- Your task -
Please output every record below exactly as written, leaving out any pictures.

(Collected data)

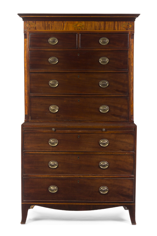 in two parts, the superstructure with a molded cornice above the inlaid frieze, over two short drawers and three graduated long drawers, the base with a dressing slide over three graduated long drawers, raised on splayed legs.
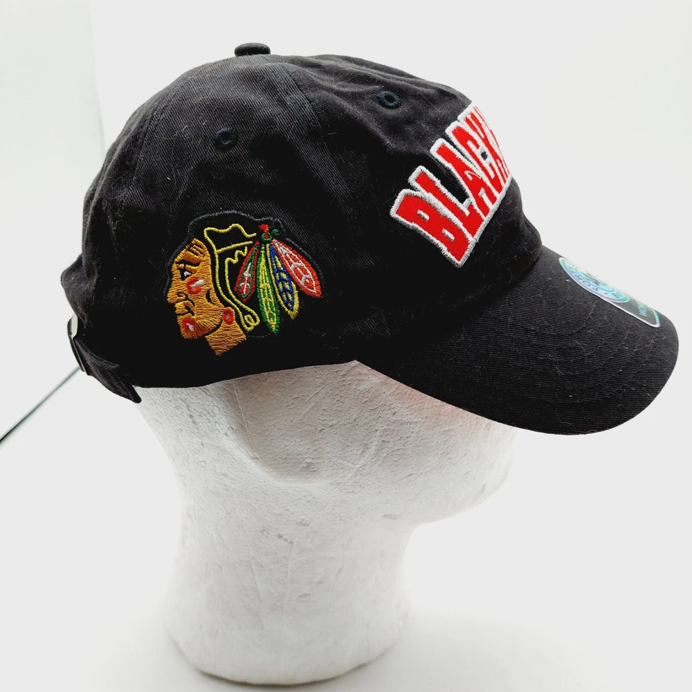 Size:AdjustableProduct:Cap, HatTeam:Chicago BlackhawksLeague:National Hockey League (NHL)Capacity:8 ozPlayer:N/AGender:Unisex AdultBrand:unbrandedModified Item:NoColor:BlackPre & Post Season:Regular SeasonSport:Hockey
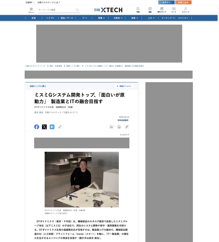 『ミスミGシステム開発トップ、「面白いが原動力」 製造業とITの融合目指す』と題して、日経クロステックにDTダイナミクス社長の道廣隆志氏のインタビュー記事が掲載となりました。
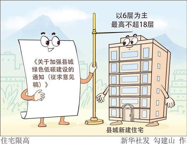 住房和城乡建设部近日公布的《关于加强县城绿色低碳建设的通知(征求意见稿)》要求,限制县城居住建筑高度。县城居住建筑高度要与消防救援能力相匹配。县城新建住宅以6层为主,6层及以下住宅占比应不低于75%。县城新建住宅最高不超过18层。确需建设18层以上居住建筑的,应严格充分论证,并加强消防应急、市政配套设施等建设。 新华社发 勾建山 作
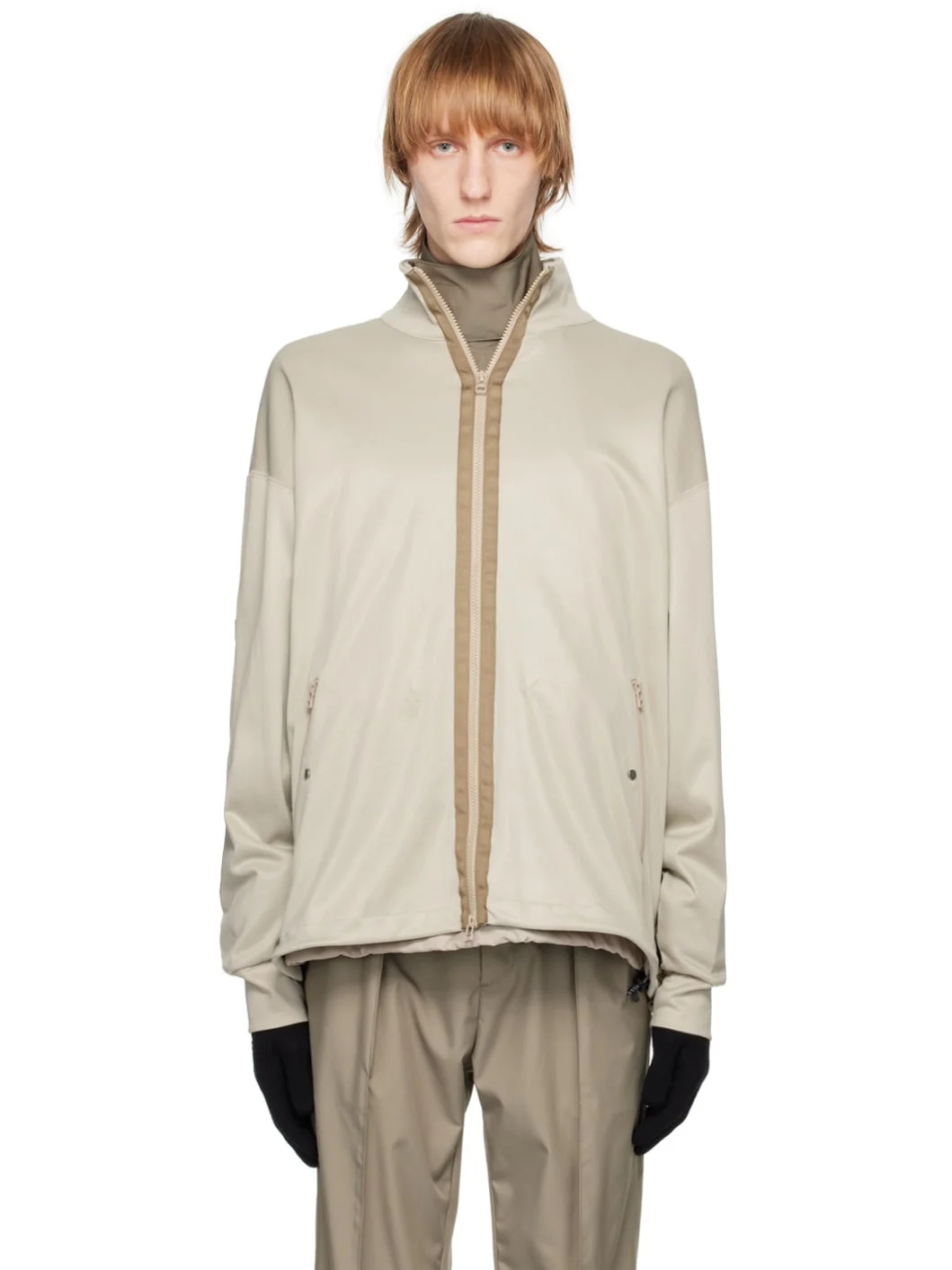 Cotton- and nylon-blend jersey jacket. · Mock neck · Two-way zip closure · Zip pockets · Concealed bungee-style drawstring at hem · Partial mesh lining Integrated stowaway polyester taffeta jacket. Taped seams throughout. · Breathable · Two-way zip closure · Zip pockets · Press-stud tabs at hem · Raglan sleeves · Adjustable velcro strap at cuffs Supplier color: Coyote
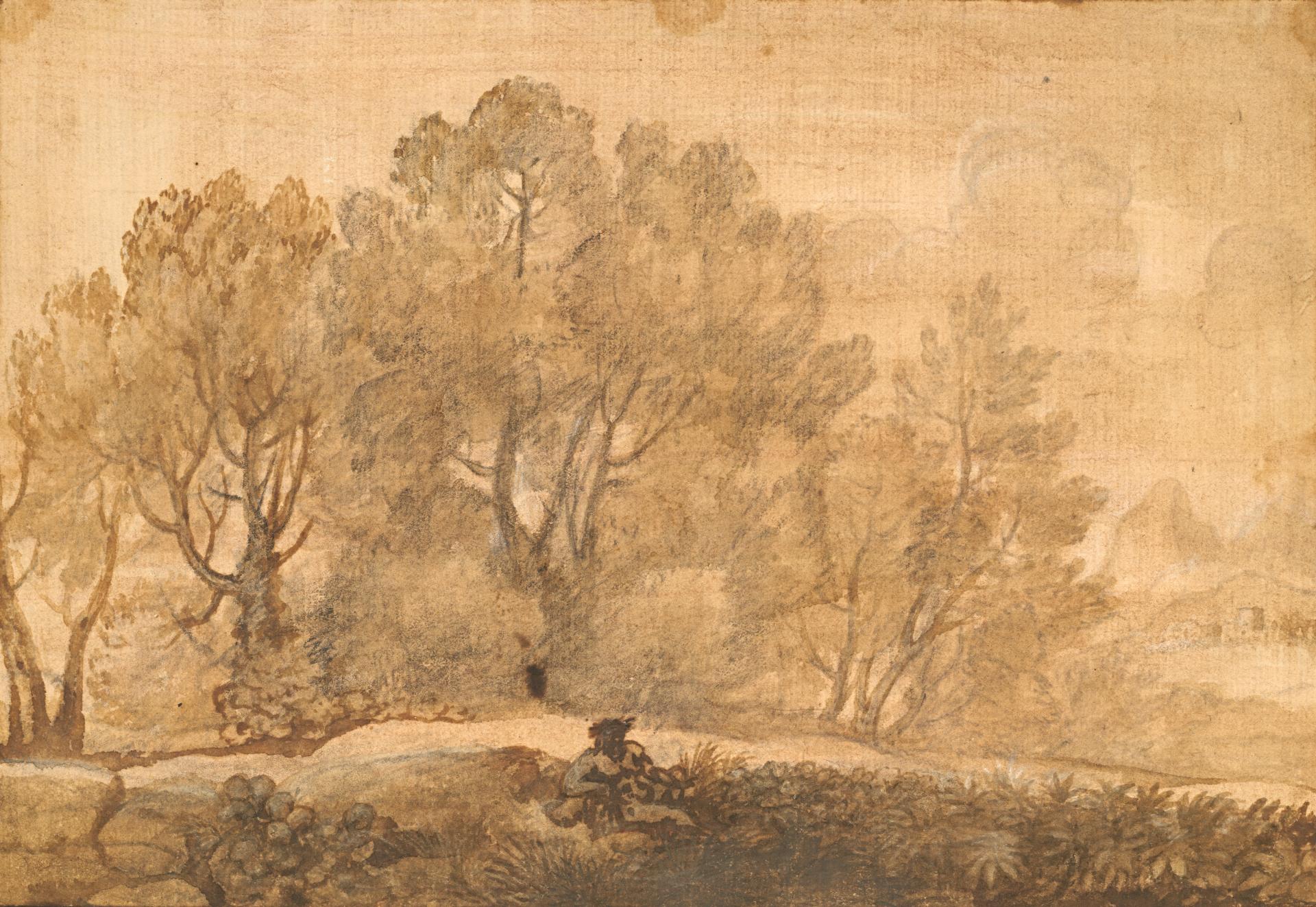 The superb Wooded landscape by Claude (fig. 1) is the most recent acquisition of an old master drawing for the National Gallery of Victoria. It is a page from the celebrated Wildenstein album, which first came to light in 1960, and is so called after the dealer who bought it.1 This, like all the pages from the Wildenstein Album, is an exceptionally well-documented drawing. All historical information in this note, including details of provenance, is taken from Marcel Rothlisberger’s publications: M. Rothlisberger, Claude Lorrain: The Wildenstein Album, Paris, 1962, no. 9: M. Roethlisberger, Claude Lorrain: The Drawings, Berkeley and Los Angeles, 1968, no. 877; M. Roethlisberger, The Claude Lorrain Album in the Norton Simon, Inc. Museum of Art, Los Angeles County Museum of Art, 1971, no. 33. The album, which is now dismembered, contained sixty drawings extending over the whole of Claude’s active life, each one being a work of the highest quality. Their uniform excellence and Claude’s known reluctance to part with his drawings, initially led Marcel Rothlisberger to surmise that Claude himself may have been responsible for collating the album.2 Μ. Rothlisberger, Claude Lorrain: The Wildenstein Album, p. 10. However, this hypothesis was soon rejected on the grounds that the arbitrary sequence is unlikely coming from the artist, that the sheets include non-sequential numbering, that some of them had already been mounted earlier, and that some of the drawings had been trimmed.3 M. Roethlisberger, The Claude Lorrain Album, p. 7. The album cannot be dated before 1677, the date of the latest drawing, and its make-up, when still intact, suggested a date around 1700.4 ibid., p. 6. It would therefore appear that the album was put together at some time between Claude’s death in 1682 and 1713, the year in which its first certain owner died. Considering the exceptional quality of the drawings, they must have been selected from stock left in his studio by someone with an intimate knowledge of Claude’s work, possibly with the help of one of three heirs who lived with him – a daughter and two nephews. Claude’s death inventory of 16825 M. Rothlisberger, Claude Lorrain: The Paintings, New Haven, 1961, vol. I, pp. 73–76. includes twelve books of sketches, the Liber Veritatis, and a chest full of prints and drawings, and Baldinucci reports on ‘five or six great books … of these drawings of views from nature’, plus ‘some bundles of loose sheets’.6 ibid., pp. 53–62, for Baldinucci’s life of Claude, esp. p. 62.

- Answer -
 in two parts, the superstructure with a molded cornice above the inlaid frieze, over two short drawers and three graduated long drawers, the base with a dressing slide over three graduated long drawers, raised on splayed legs.
 Size:AdjustableProduct:Cap, HatTeam:Chicago BlackhawksLeague:National Hockey League (NHL)Capacity:8 ozPlayer:N/AGender:Unisex AdultBrand:unbrandedModified Item:NoColor:BlackPre & Post Season:Regular SeasonSport:Hockey
 『ミスミGシステム開発トップ、「面白いが原動力」 製造業とITの融合目指す』と題して、日経クロステックにDTダイナミクス社長の道廣隆志氏のインタビュー記事が掲載となりました。
 住房和城乡建设部近日公布的《关于加强县城绿色低碳建设的通知(征求意见稿)》要求,限制县城居住建筑高度。县城居住建筑高度要与消防救援能力相匹配。县城新建住宅以6层为主,6层及以下住宅占比应不低于75%。县城新建住宅最高不超过18层。确需建设18层以上居住建筑的,应严格充分论证,并加强消防应急、市政配套设施等建设。 新华社发 勾建山 作
 Cotton- and nylon-blend jersey jacket. · Mock neck · Two-way zip closure · Zip pockets · Concealed bungee-style drawstring at hem · Partial mesh lining Integrated stowaway polyester taffeta jacket. Taped seams throughout. · Breathable · Two-way zip closure · Zip pockets · Press-stud tabs at hem · Raglan sleeves · Adjustable velcro strap at cuffs Supplier color: Coyote
 The superb Wooded landscape by Claude (fig. 1) is the most recent acquisition of an old master drawing for the National Gallery of Victoria. It is a page from the celebrated Wildenstein album, which first came to light in 1960, and is so called after the dealer who bought it.1 This, like all the pages from the Wildenstein Album, is an exceptionally well-documented drawing. All historical information in this note, including details of provenance, is taken from Marcel Rothlisberger’s publications: M. Rothlisberger, Claude Lorrain: The Wildenstein Album, Paris, 1962, no. 9: M. Roethlisberger, Claude Lorrain: The Drawings, Berkeley and Los Angeles, 1968, no. 877; M. Roethlisberger, The Claude Lorrain Album in the Norton Simon, Inc. Museum of Art, Los Angeles County Museum of Art, 1971, no. 33. The album, which is now dismembered, contained sixty drawings extending over the whole of Claude’s active life, each one being a work of the highest quality. Their uniform excellence and Claude’s known reluctance to part with his drawings, initially led Marcel Rothlisberger to surmise that Claude himself may have been responsible for collating the album.2 Μ. Rothlisberger, Claude Lorrain: The Wildenstein Album, p. 10. However, this hypothesis was soon rejected on the grounds that the arbitrary sequence is unlikely coming from the artist, that the sheets include non-sequential numbering, that some of them had already been mounted earlier, and that some of the drawings had been trimmed.3 M. Roethlisberger, The Claude Lorrain Album, p. 7. The album cannot be dated before 1677, the date of the latest drawing, and its make-up, when still intact, suggested a date around 1700.4 ibid., p. 6. It would therefore appear that the album was put together at some time between Claude’s death in 1682 and 1713, the year in which its first certain owner died. Considering the exceptional quality of the drawings, they must have been selected from stock left in his studio by someone with an intimate knowledge of Claude’s work, possibly with the help of one of three heirs who lived with him – a daughter and two nephews. Claude’s death inventory of 16825 M. Rothlisberger, Claude Lorrain: The Paintings, New Haven, 1961, vol. I, pp. 73–76. includes twelve books of sketches, the Liber Veritatis, and a chest full of prints and drawings, and Baldinucci reports on ‘five or six great books … of these drawings of views from nature’, plus ‘some bundles of loose sheets’.6 ibid., pp. 53–62, for Baldinucci’s life of Claude, esp. p. 62.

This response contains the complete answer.